Pertama, mereka ingin untuk tidak menyakitkan perasaan kaum Muslim. Mereka takut kaum Muslim semakin cenderung bertindak keras jika melihat kaum non-Muslim tengah berjuang "melancarkan perang atas Islam." Kedua, mereka takut bahwa memusatkan diri pada kaum Muslim berarti ada hal mendasar yang berubah sesuai tatasekular. Sementara, menyangkal adanya unsur Islam memungkinkan terhindarnya masalah yang mengganggu. Sebagai contoh, ada kebijakan untuk mengijinkan petugas pesawat terbang mengamati dan mencari senjata para penumpang dan bukannya terlibat dalam interogasi ala Israel.
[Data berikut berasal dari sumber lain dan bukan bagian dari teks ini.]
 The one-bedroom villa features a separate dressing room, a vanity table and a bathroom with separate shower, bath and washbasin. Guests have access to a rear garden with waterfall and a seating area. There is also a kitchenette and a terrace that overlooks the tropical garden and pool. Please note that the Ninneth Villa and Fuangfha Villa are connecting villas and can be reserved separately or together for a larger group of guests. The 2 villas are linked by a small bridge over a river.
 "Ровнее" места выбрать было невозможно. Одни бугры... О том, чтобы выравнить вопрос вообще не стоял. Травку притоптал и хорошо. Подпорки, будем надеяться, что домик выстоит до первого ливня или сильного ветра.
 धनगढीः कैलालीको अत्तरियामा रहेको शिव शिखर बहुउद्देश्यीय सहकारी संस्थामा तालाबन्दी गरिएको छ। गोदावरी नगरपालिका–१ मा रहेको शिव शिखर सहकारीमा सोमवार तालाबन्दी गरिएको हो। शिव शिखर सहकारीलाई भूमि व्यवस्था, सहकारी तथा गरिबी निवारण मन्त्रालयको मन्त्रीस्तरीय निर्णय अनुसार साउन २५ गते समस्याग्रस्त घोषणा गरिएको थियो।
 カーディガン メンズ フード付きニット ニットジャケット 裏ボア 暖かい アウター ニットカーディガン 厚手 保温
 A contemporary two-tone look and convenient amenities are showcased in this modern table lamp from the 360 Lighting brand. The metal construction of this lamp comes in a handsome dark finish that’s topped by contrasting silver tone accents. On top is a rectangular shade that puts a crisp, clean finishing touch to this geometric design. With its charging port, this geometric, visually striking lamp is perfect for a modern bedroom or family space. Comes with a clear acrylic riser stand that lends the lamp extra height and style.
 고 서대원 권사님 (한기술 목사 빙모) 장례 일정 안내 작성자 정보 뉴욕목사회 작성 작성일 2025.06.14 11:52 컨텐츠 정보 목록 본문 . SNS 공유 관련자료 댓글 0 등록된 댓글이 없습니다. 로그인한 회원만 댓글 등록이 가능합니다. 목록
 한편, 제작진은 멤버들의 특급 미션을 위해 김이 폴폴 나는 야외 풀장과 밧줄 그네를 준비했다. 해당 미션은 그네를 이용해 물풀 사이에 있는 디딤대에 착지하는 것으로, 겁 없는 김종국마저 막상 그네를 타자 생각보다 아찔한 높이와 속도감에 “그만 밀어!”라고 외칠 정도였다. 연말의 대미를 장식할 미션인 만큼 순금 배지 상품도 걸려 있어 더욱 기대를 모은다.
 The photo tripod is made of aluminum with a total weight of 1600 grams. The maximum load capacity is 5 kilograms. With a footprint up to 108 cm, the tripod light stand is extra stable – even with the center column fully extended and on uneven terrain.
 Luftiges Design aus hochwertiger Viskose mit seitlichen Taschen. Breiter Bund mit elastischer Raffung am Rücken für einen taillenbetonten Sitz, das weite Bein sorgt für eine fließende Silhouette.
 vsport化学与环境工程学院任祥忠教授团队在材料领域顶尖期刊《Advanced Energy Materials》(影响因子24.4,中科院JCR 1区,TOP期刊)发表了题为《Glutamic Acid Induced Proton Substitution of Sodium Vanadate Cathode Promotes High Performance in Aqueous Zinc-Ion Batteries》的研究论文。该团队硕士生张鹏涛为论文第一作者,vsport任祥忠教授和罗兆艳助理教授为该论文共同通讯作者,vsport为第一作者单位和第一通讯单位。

Menurut para politisi non –Muslim, para anggota Taliban ini tak ada hubungan dengan sama sekali dengan Islam. |
Prediksi saya: Penolakan bakal masih berlanjut kecuali kalau aksi kekerasan meningkat. Sebagai tinjauan perlu saya katakan bahwa 3000 korban dalam musibah maut 11 September 2001 tidak menguncang rasa puas diri kaum non-Muslim. Matinya nyaris 3000 orang akibat terorisme kaum Islamis sejak itu juga tidak mengubah sikap resmi. Barangkali setelah 300.000 orang tewas, orang baru menolak perasaan takut terhadap perasaan kaum Islam termasuk perasaan enggan untuk melakukan perubahan sosial yang mendasar. Mereka bakal ubah sikap itu dengan tekad untuk memerangi ideologi utopia radikal. Untuk itu, 3 juta jiwa yang tewas pasti sudah cukup.
Bagaimanapun, tanpa kejadian yang memakan korban para politisi mungkin terus menyangkal karena cara itu jauh lebih mudah. Saya sesali sikap ini – tetapi lebih suka menolak daripada alternatifnya.
Penambahan 9 Maret 2015: Untuk rincian lanjutan terkait dengan kasus-kasus yang dikutip di sini, lihat entri weblog saya, "Islam vs. History" (Islam versus Sejarah) dalam DanielPipes.org.